Avoiding Pitfalls in Bankruptcy: Advanced Issues in Avoidance Litigation
By: Russell L. Munsch
Presented at American Bankruptcy Institute
January 1, 2000
I. INTRODUCTION
The focus of this article are selective advanced, current issues and developments in avoidance action litigation. Due to the potentially unlimited breadth of the topics covered, we have not sought to be exhaustive of all such issues. We furthermore presume basic familiarity with the statutes and fundamental concepts implicated in bankruptcy avoidance actions.
A. Setting the Stage: The Growing Significance of Avoidance Actions
Calendar Years 2001, 2002 and 2003 all posted record breaking bankruptcy filing rates.1 While total filings increased in each of these successive years, business filings slightly declined while consumer filings have continued their increase – sufficient to offset the drop in business filings.2 Accounts of the impetus behind these statistics include some rush to the courthouse, despite a mending economy, to resort to the bankruptcy process prior to the possible enactment of proposed reform promising to make it more difficult for consumers to erase debts under Chapter 7 of the Bankruptcy Code ("Code") rather than making periodic payments under Chapter 13, or on the other hand, or for another example, deeper socio-economic issues confronting a progressively more fragile middle class may explain the growing use of the bankruptcy process by individuals, as Harvard professor Elizabeth Warren has argued.3 In any event, these are beyond the scope of this article.

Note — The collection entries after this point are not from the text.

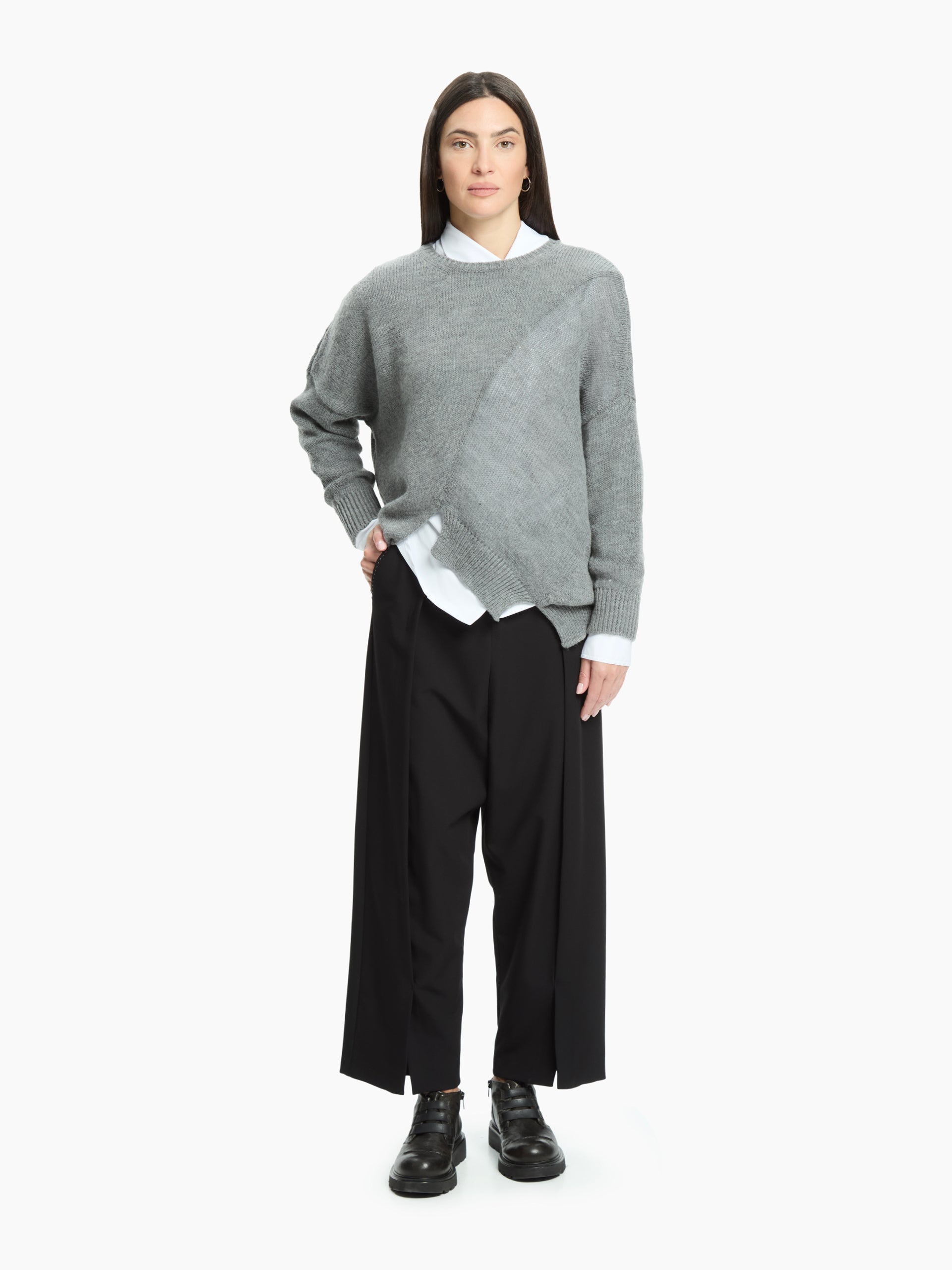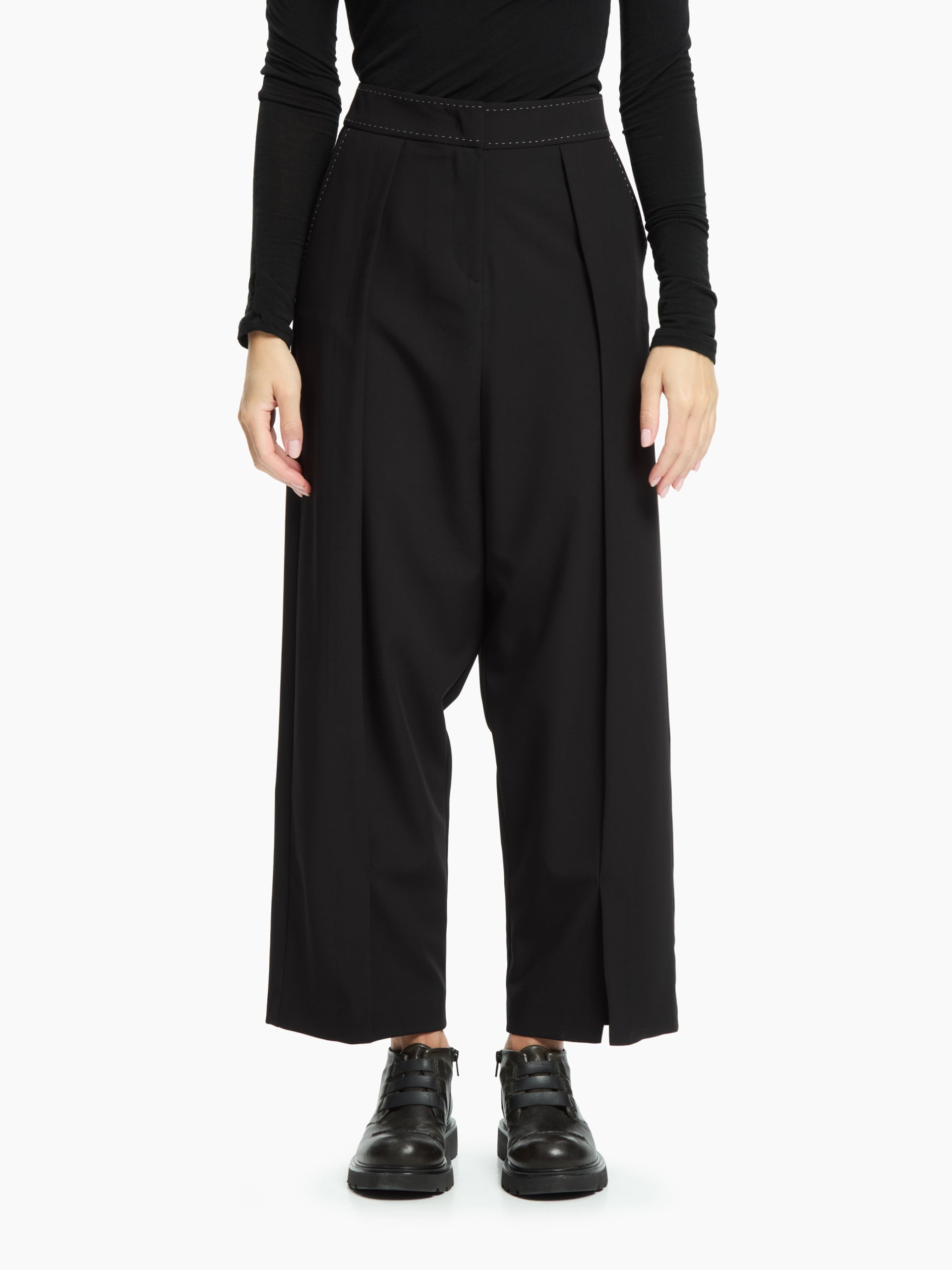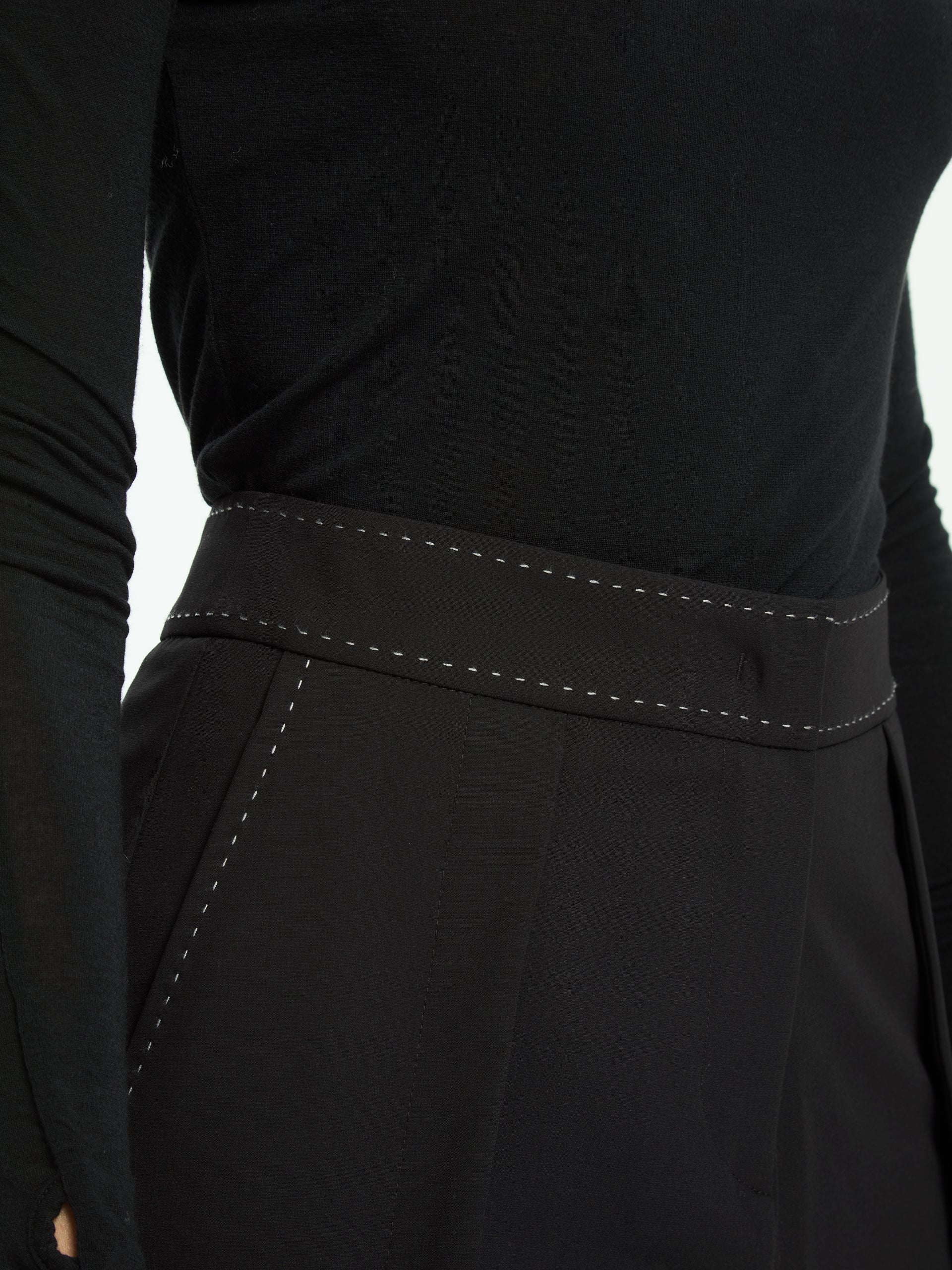 The high waist emphasises the figure, while the wide leg and soft cut give movement and freedom. Contrast stitching adds a discreet but distinctive graphic detail, perfectly in line with the urban and sophisticated aesthetic of the garment.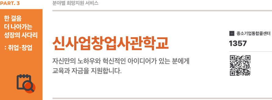 자신만의 노하우와 혁신적인 아이디어가 있는 분에게 교육과 자금을 지원하는 ‘신사업창업사관학교’에 대해서 안내드리겠습니다.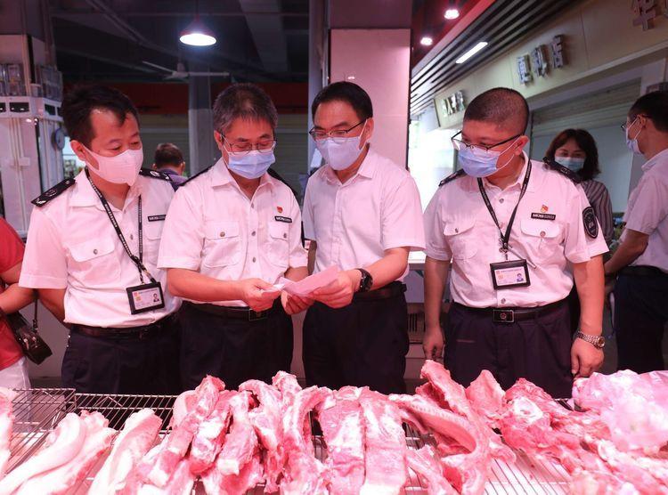 宝安市场监管局执法人员检查农贸市场肉类票证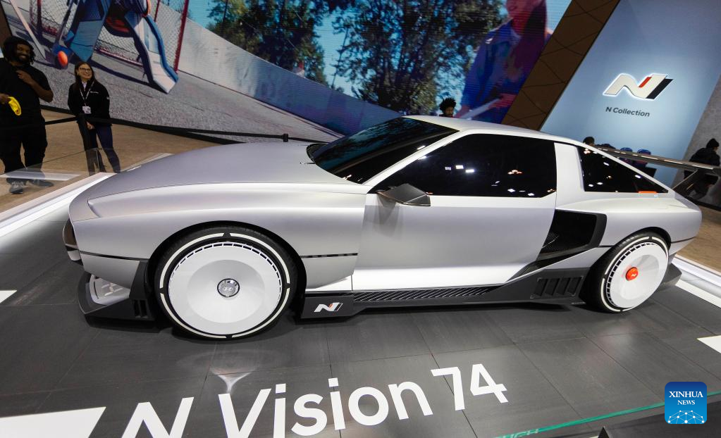 A Hyundai N Vision 74 concept hydrogen fuel cell vehicle is seen during the 2023 Canadian International AutoShow in Toronto, Canada on Feb. 17, 2023. Showcasing the latest cars, trucks, SUVs, concept cars, exotics, electric vehicles and more, the annual 10-day autoshow kicked off here on Friday. (Photo by Zou Zheng/Xinhua)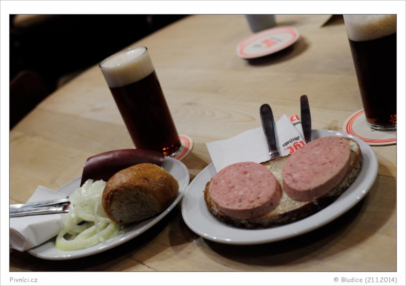 Všemožné pochutiny k pivu a pár větších pokrmů. Ceny jsou nižší. Ochutnali jsme Leberwurst (jitrnice) a Blutwurst (jelito). Jitrnice dobrá a jelito výtečné.Pivo (4,5 - úchvatné):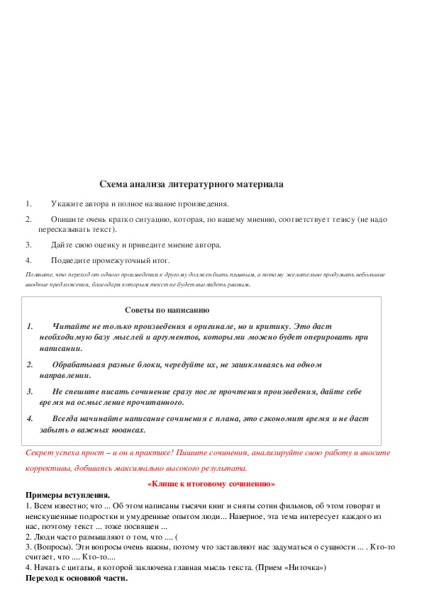 Представленные материалы содержат необходимые материалы для подготовки к итоговому сочинению. Раскрыты все необходимые требования и критерии, дан соответствующий комментарий по всем направлениям. Собран банк аргументов, даны примерные темы сочинений, цитаты, афоризмы. Представлены примерные планы сочинений, схемы написания, описана структура описания. Приведены примеры сочинений.
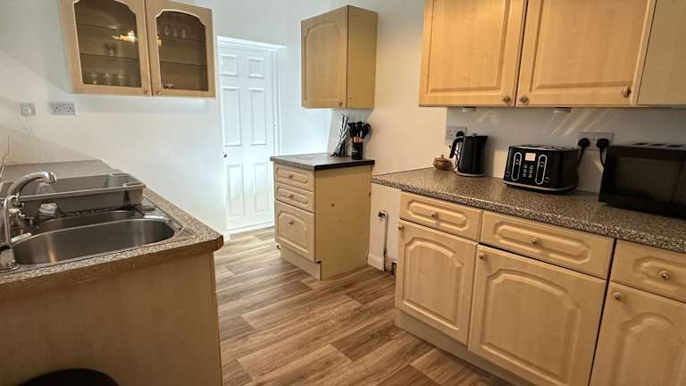 Die Unterkunft besteht aus drei Schlafzimmern, einem gemütlichen Wohnzimmer und einer voll ausgestatteten Küche, die für die Zubereitung von eigenen Mahlzeiten einlädt. Ein Badezimmer steht den Gästen ebenfalls zur Verfügung.
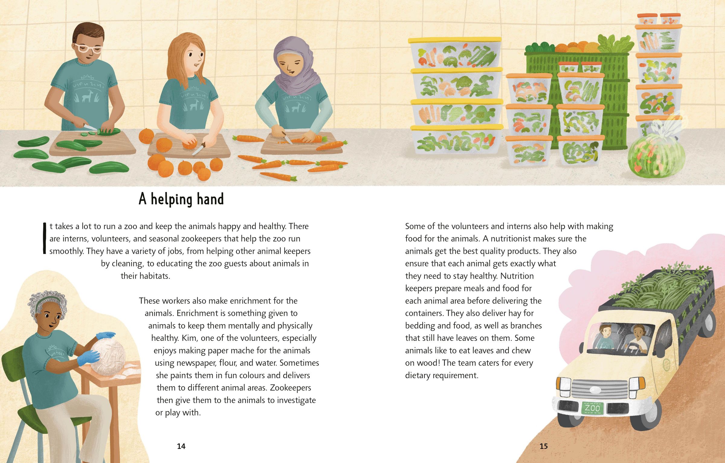 By the end of the book kids will have a newfound respect for all of the work that goes on to make every zoo experience memorable.

Suffice it for our purposes to note that as the use of the bankruptcy process has grown, so has the volume of ancillary litigation that bankruptcy cases generate, the bulk of which is comprised of avoidance actions. While it appears that we may be slowly surmounting the crest of the aforementioned wave of bankruptcy filings, certainly at least as to business bankruptcies, this is not the case with respect to avoidance actions. The reason for this is the (typically) two year statute of limitations that applies to the commencement of such actions under Code section 546. Accordingly, accepting the fact that bankruptcy case filings peaked through the end of 2003 (and into 2004), we can expect a high rate of avoidance actions to stem from these cases through 2005-2006.